*** Opening Task data ***

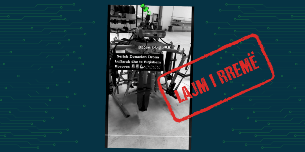 Mbishkrimi i vendosur video-materialit pretendon se ky dron ushtarak do t’i dhurohet Kosovës, pa e saktësuar burimin e këtyrë donacioneve.
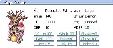 ( ภาพ : Monster กิจกรรม ) Decorated Evil Tree = 50 ตัว ค่าประสบการณ์ ( EXP ) = 6,666 / 2,026
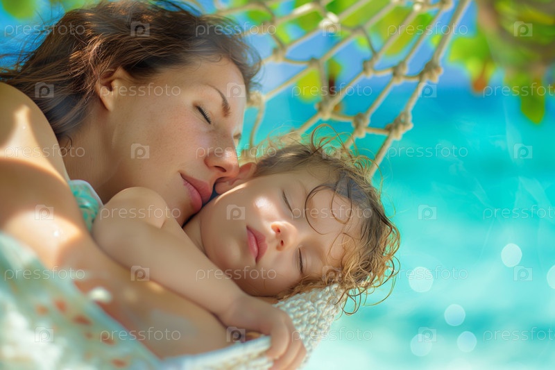 Расслабление на гамаке со спящим ребенком Tropical Water
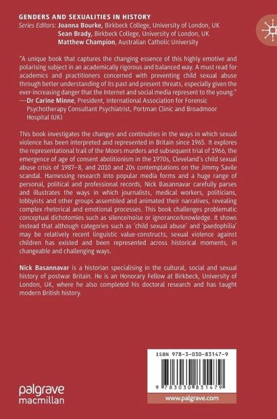 This book investigates the changes and continuities in the ways in which sexual violence has been interpreted and represented in Britain since 1965. It explores the representational trail of the Moors murders and subsequent trial of 1966, the emergence of age of consent abolitionism in the 1970s, Cleveland's child sexual abuse crisis of 1987-8, and 2010 and 20s contemplations on the Jimmy Savile scandal. Harnessing research into popular media forms and a huge range of personal, political and professional records, Nick Basannavar carefully parses and illustrates the ways in which journalists, medical workers, politicians, lobbyists and other groups assembled and animated their narratives, revealing complex rhetorical and emotional processes. This book challenges problematic conceptual dichotomies such as silence/noise or ignorance/knowledge. It shows instead that although categories such as 'child sexual abuse' and 'paedophilia' may be relatively recent linguistic value-constructs, sexual violence against children has existed and been represented across historical moments, in changeable and challenging ways.
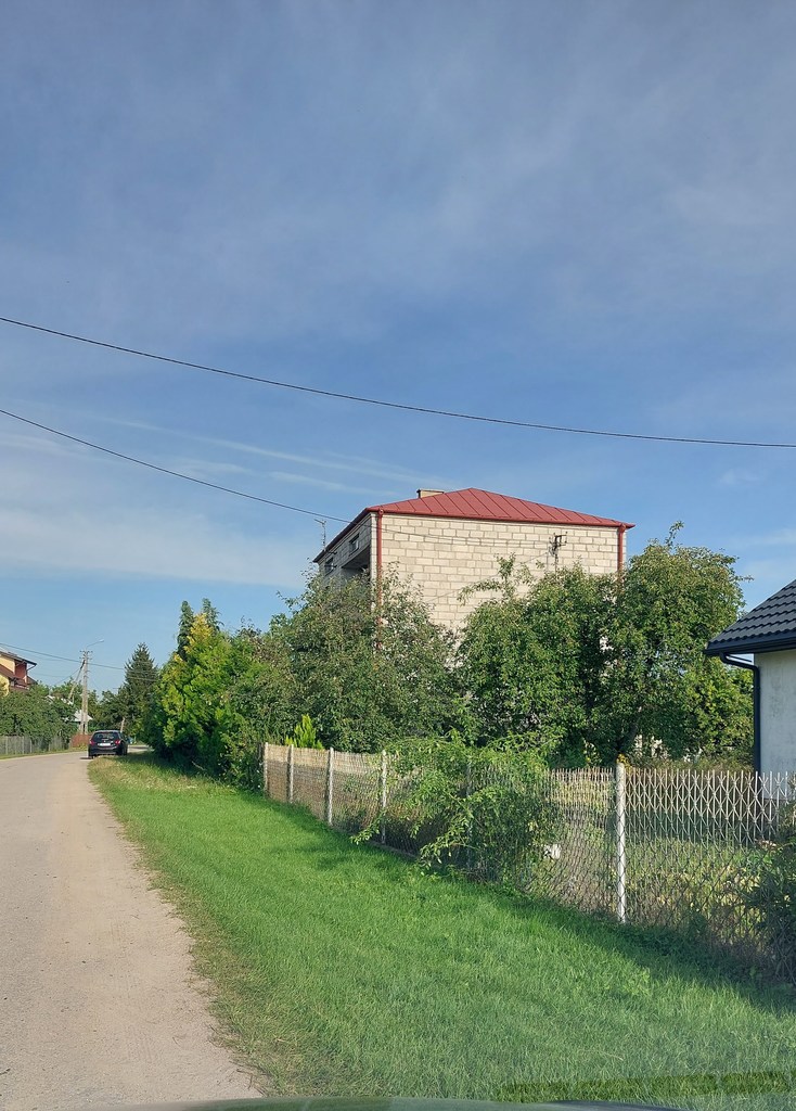 Dom mieszkalny jest kryty blachą, podłączony do wodociągu i energii elektrycznej

*** Closing Task data ***

■ About this exercise ■
Could you transcribe exactly the lines from the start of the records through the line containing "Расслабление на гамаке", both ends included, leaving the pictures out?

■ Response below ■
 Mbishkrimi i vendosur video-materialit pretendon se ky dron ushtarak do t’i dhurohet Kosovës, pa e saktësuar burimin e këtyrë donacioneve.
 ( ภาพ : Monster กิจกรรม ) Decorated Evil Tree = 50 ตัว ค่าประสบการณ์ ( EXP ) = 6,666 / 2,026
 Расслабление на гамаке со спящим ребенком Tropical Water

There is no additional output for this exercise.